The only thing you ever need to find

When I finished my Masters degree in philosophy, I decided to fulfill another great dream of mine: Traveling throughout Europe, without a plan or a tour package but with plenty of cash (blessed be my father). I traveled for almost four months straight, alone. From the bustling cafés in Saint-Germain; the astonishing Sagrada Familia in Barcelona; the arabesque Alhambra castle in Granada; the scenic coast of southern France; the imposing castle of Salzburg; the spectacular carnival in Venice; to the towering yet elegant David of Michelangelo in Florence, I didn’t take a single photograph. For once in my life I decided that being a traveler, instead of tourist, is to live your journeys inside the frame, not behind it.

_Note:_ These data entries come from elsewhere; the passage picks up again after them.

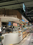 Очень хороший и уютный магазин и кафе, но отвратительнейшая организация работы персонала в кулинарии. Бизнесс процесс по заказу блюда в кафе просто крайне неудобен и не продуман. Руководители, - придумайте что нибудь! При заказе кофе с просьбой сделать по горячее приносят не понятно когда, уже остывший. Долгое ожидание при свободной куче официантов, которые стоят без дела у стола с заказами, но никто не шевелится. После просьбы разогреть, приносят опять полуостывшим, т.к. официант не смог подойти, т.к. был занят другим заказом. В итоге пришлось принести самому. Бегаешь от отдела к отделу за бумажками-наклейками, потом блюда не дождаться, при этом, повторюсь, несколько официантов стоят без дела у стола с заказами. Причем стоимость блюд далеко не дешевая!!! В итоге: что-бы поесть, надо побегать от отдела к отделу, контролировать работу персонала. Создалось ощущение, что попал на мастер-класс для первоклассников на какой-нибудь новогодний праздник, по обучению о работе официантов.
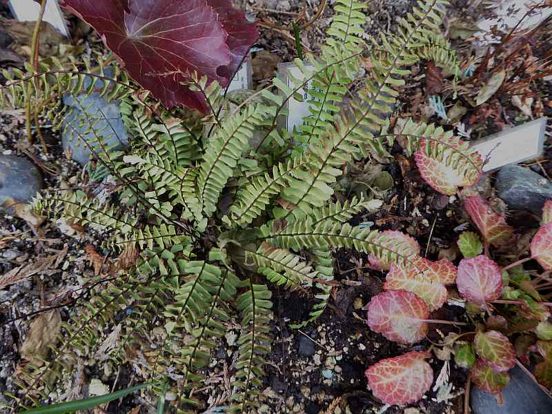 Auf das Herz des im Frühjahr ausgepflanzten Woowardia unigemmata hatte ich Laub gepackt, das war aber leider nicht mehr vollständig dort geblieben, ob die sichtbaren Triebknospen noch leben, weiß ich nicht. Ich hatte aber nur einen Teil ausgepflanzt, den Rest habe ich vor dem strengen Frost in ein weitgehend frostfreies, aber dunkles Quartier gerettet. Beide sehen nicht schlecht aus, auch der Ausgepflanzte ist ordentlich grün, aber besagt das etwas?
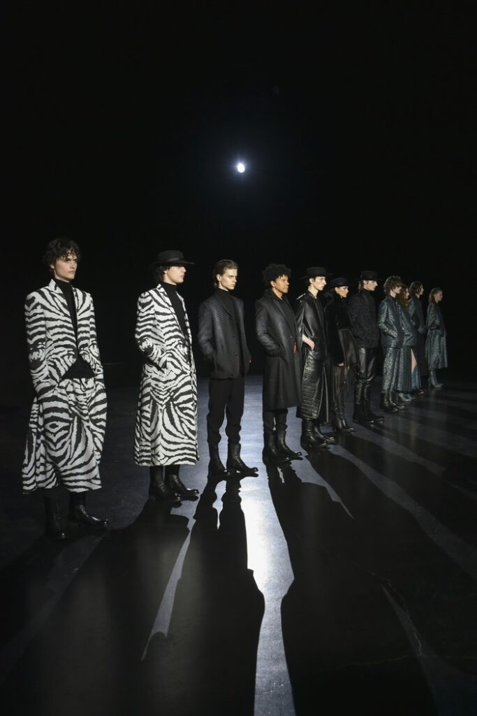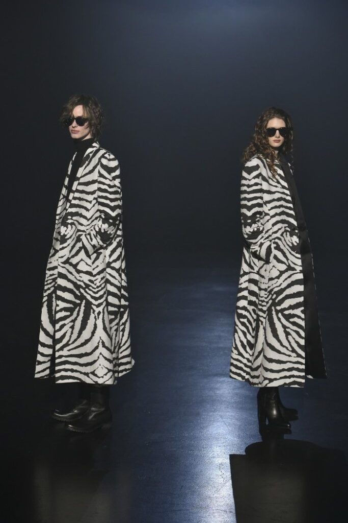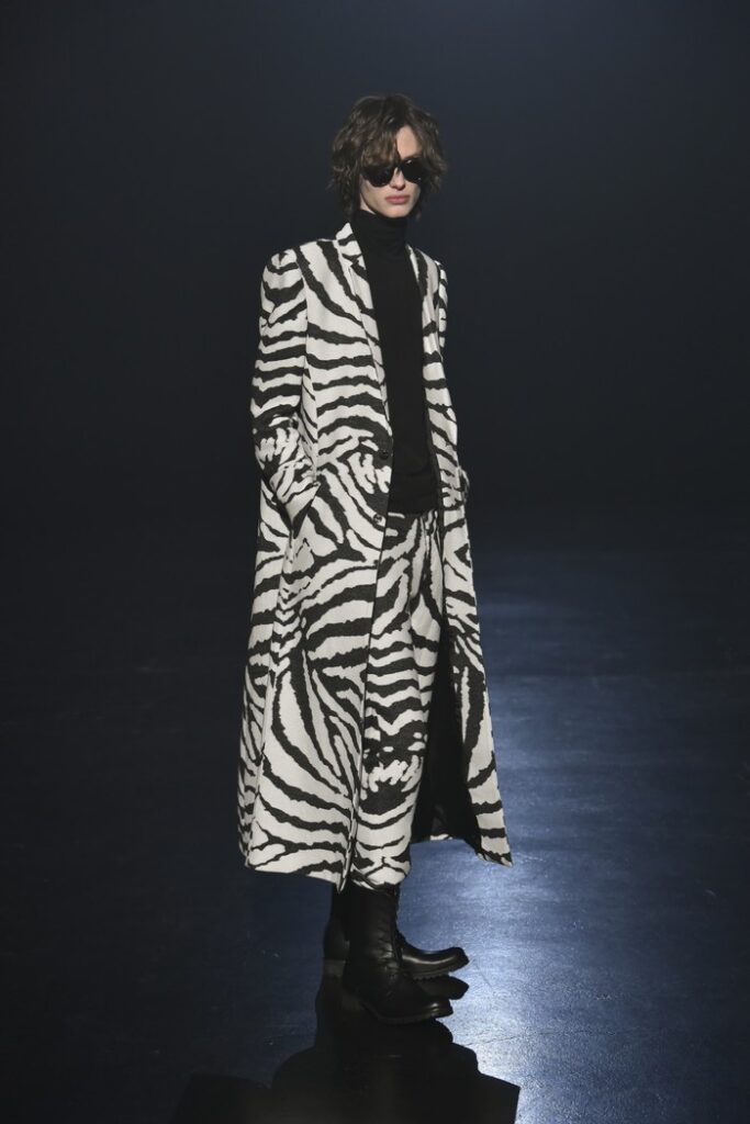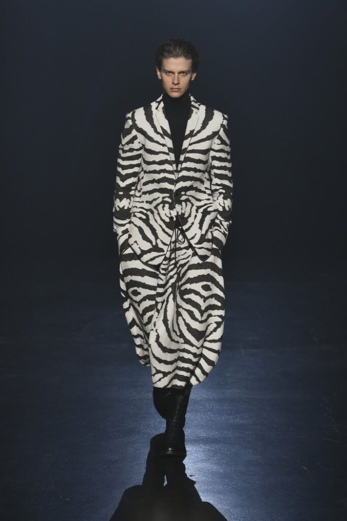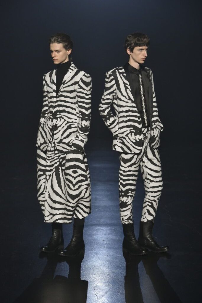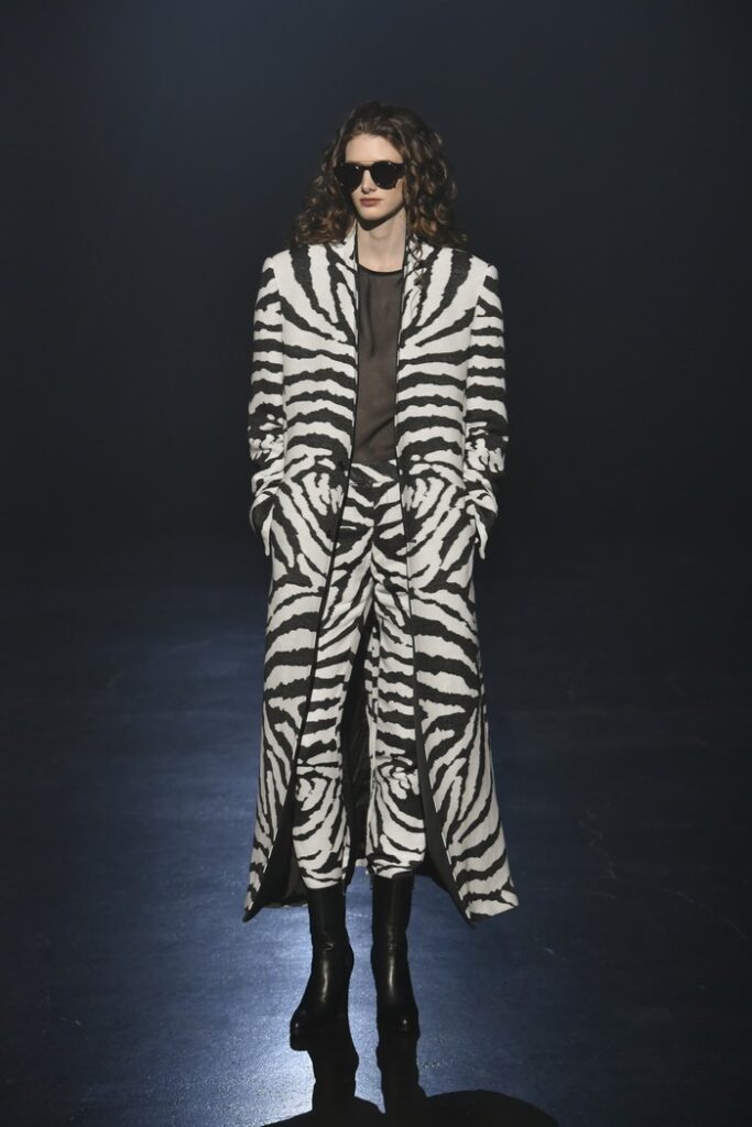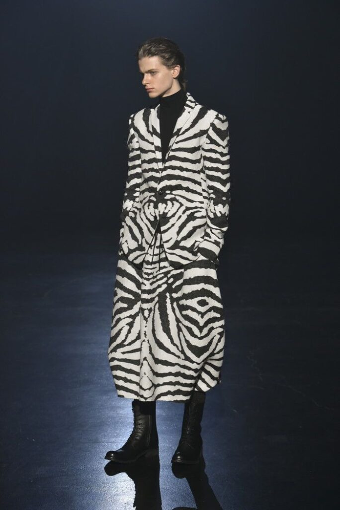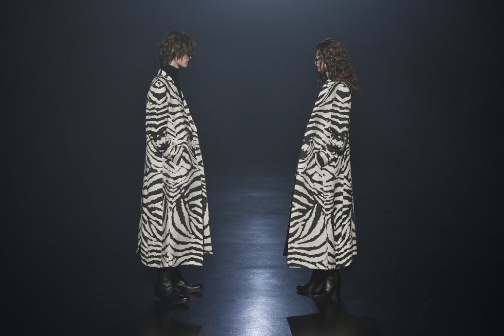 白黒のゼブラ柄ジャカードは、デザイン画を思わせるタッチで構成し、野性的なムードと洗練を併せ持つテーラードとして提案。ウール/シルクのドット柄ドビー織りには黒のグラデーションを施し、モダンなグレンチェックがシアーに見え隠れする視覚的効果を加えた。

In my closet on the top shelf I have a small bag of items. A cd from a cellist who haunted the Gothic quarter of Barcelona with his music; an envelope from Cavendish’s[1] old residence in Cannes (turned into a hotel); a card with the details of a new friend from Jerez de la Frontera; a dreamshare that consists of a unique alloy created by a Dutch artist I met in a train to Italy; a map of Florence and other paraphernalia. If someone else finds the bag, he might guess someone has been traveling; likes a particular cellist; met someone in Jerez; stayed in Cannes; is into original artistic stock exchange schemes and so on. But he wont be able to reconstruct the inter-twinning stories behind them let alone the emotions, experiences and realizations that went with them. Take the items out of the bag. Disperse them in the wind. Now these things might as well belong to different persons living different, separate lives.

When I started ruminating on the idea of writing a book, I thought that perhaps constructing a reading list might be better, since after much reading of my own I thought that at least when it comes to perennial philosophical issues of interest to anyone with a pulse, or for those trying to get one, the most interesting things have already been said if not explicitly then implicitly, in more than one way, in a number of languages, from various times and places, by people young and old of both genders. What I didn’t immediately realize, is that these vast number of ideas and written experiences which I thought were enough to, if not completely solve, then at least give you the necessary education to deal successfully with life’s problems and its mysteries, were like those items in the bag on the top shelf in my closet. Without me, they were as disconnected from each other as those items dispersed in the wind. They did make sense, but all the inter-twinning stories that were inextricably linked with the emotions, experiences and realizations that gave me a clearer vision of the truth and made me a better person were all lost between the lines.

Without me the most important thing: the living, breathing, feeling, remembering, promising, touching, kissing, and last but certainly not least, loving human being would be lost in the wind…

and that is too much to lose, and the only thing you ever need to find.

[1] Henry Cavendish (1731-1810) the renowned scientist.